◆ GIVEN INFORMATION ◆
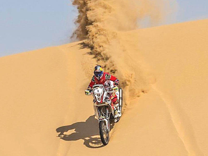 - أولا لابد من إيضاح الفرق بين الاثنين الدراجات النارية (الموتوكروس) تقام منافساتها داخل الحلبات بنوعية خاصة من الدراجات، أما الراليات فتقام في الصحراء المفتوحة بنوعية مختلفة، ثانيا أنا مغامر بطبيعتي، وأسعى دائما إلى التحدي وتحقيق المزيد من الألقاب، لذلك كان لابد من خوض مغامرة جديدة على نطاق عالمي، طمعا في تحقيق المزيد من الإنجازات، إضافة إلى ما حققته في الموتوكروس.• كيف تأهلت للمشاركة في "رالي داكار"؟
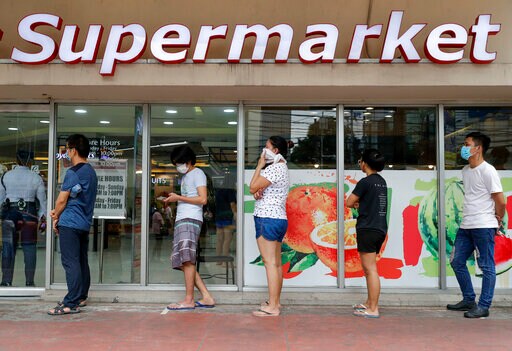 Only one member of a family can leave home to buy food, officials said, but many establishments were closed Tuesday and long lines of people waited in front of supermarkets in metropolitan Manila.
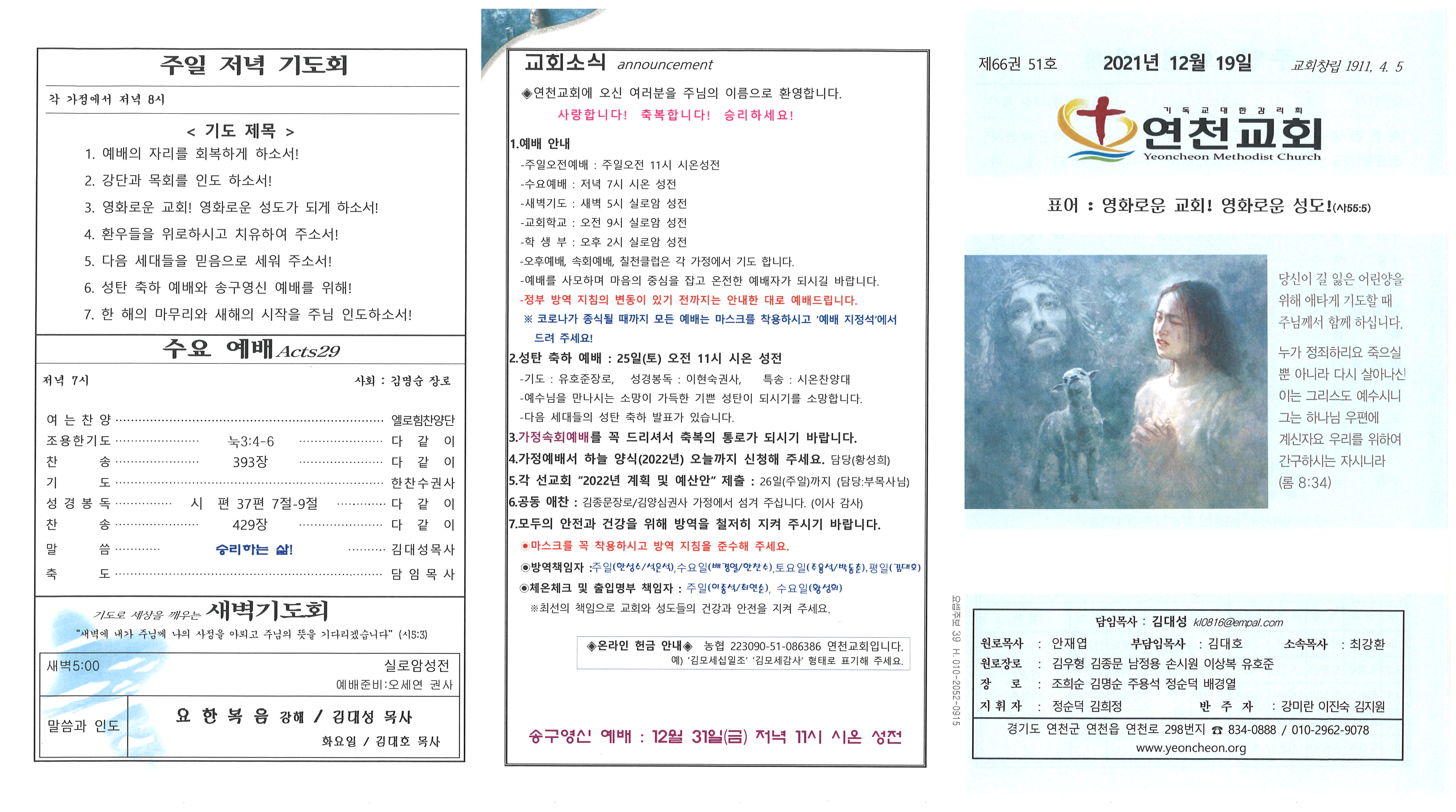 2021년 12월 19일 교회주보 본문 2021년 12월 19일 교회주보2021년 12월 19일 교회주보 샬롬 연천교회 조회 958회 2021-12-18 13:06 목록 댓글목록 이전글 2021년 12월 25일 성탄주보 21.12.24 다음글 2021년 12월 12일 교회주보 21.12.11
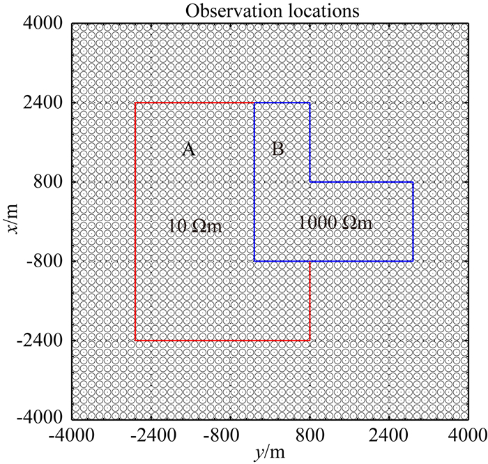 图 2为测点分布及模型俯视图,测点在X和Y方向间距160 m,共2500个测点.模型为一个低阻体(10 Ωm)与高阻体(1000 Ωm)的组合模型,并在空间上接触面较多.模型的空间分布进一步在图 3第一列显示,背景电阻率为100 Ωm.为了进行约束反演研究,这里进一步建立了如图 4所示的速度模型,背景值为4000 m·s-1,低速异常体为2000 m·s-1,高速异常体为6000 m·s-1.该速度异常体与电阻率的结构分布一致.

◆ EXERCISE ◆
Restate the listing word for word and drop the pictures.

◆ SOLUTION FOR THIS EXERCISE ◆
 - أولا لابد من إيضاح الفرق بين الاثنين الدراجات النارية (الموتوكروس) تقام منافساتها داخل الحلبات بنوعية خاصة من الدراجات، أما الراليات فتقام في الصحراء المفتوحة بنوعية مختلفة، ثانيا أنا مغامر بطبيعتي، وأسعى دائما إلى التحدي وتحقيق المزيد من الألقاب، لذلك كان لابد من خوض مغامرة جديدة على نطاق عالمي، طمعا في تحقيق المزيد من الإنجازات، إضافة إلى ما حققته في الموتوكروس.• كيف تأهلت للمشاركة في "رالي داكار"؟
 Only one member of a family can leave home to buy food, officials said, but many establishments were closed Tuesday and long lines of people waited in front of supermarkets in metropolitan Manila.
 2021년 12월 19일 교회주보 본문 2021년 12월 19일 교회주보2021년 12월 19일 교회주보 샬롬 연천교회 조회 958회 2021-12-18 13:06 목록 댓글목록 이전글 2021년 12월 25일 성탄주보 21.12.24 다음글 2021년 12월 12일 교회주보 21.12.11
 图 2为测点分布及模型俯视图,测点在X和Y方向间距160 m,共2500个测点.模型为一个低阻体(10 Ωm)与高阻体(1000 Ωm)的组合模型,并在空间上接触面较多.模型的空间分布进一步在图 3第一列显示,背景电阻率为100 Ωm.为了进行约束反演研究,这里进一步建立了如图 4所示的速度模型,背景值为4000 m·s-1,低速异常体为2000 m·s-1,高速异常体为6000 m·s-1.该速度异常体与电阻率的结构分布一致.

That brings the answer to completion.